Пропавшая сестра - Марр Эль. Страница 8
— Биология и история. Двойная специализация. Хотя с историей я дружу меньше. Моя специальность — неврология.
— Вау! Так ты уже закончил медицинский колледж?! Сколько ж тебе лет? Для доктора ты слишком молодо выглядишь.
— У меня тридцать. Я уже год как закончил интернатуру, но в медицине работаю гораздо дольше.
— Интересно.
«У меня тридцать». Ему что, тридцать лет? Я возвращаюсь к поиску зацепок (криптексов, шифров, головоломок, ребусов, закодированных букв, пещерных рисунков или что там еще найдется). Себ, кажется, предан Анжеле и готов сделать все возможное, чтобы узнать, что с ней случилось. Это впечатляет. Анжела раньше предпочитала сильных мужчин, но теперь, похоже, ей больше нравится мой тип — высокомерный ботаник.
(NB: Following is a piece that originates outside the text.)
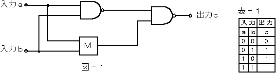 (3) 図−1の論理回路において、Mの論理素子が( ウ )であるとき、入力a及び入力bの論理レベルと出力cの論理レベルとの関係は、表−1の真理値表で示される。

Правда, они всегда выбирали ее. Без вариантов. Когда нам было пятнадцать, я прочитала в каком-то журнале, что уверенность в себе привлекает мальчиков, и пригласила в кино своего одноклассника, отличника Эштона Уилана. Он сначала ответил согласием, но поняв, что я не Анжела, сказал, что ему в подружки надо бы кого-нибудь уровнем повыше. Если учесть, что моя оценка по биологии была несколько выше, чем его, речь шла явно не об интеллекте. Ему нужна была этакая мисс Обаяние. Другая двойняшка. С которой весело.
Даже в тот последний Новый год, который мы с Анжелой справляли вместе, мы умудрились поссориться из-за парня. Тедди Нгуен, изучавший генетику и живший в комнате общежития прямо подо мной, несколько раз приглашал меня на свидание, но я была так занята подготовкой к экзаменам за первый семестр, что просто не оставалось времени.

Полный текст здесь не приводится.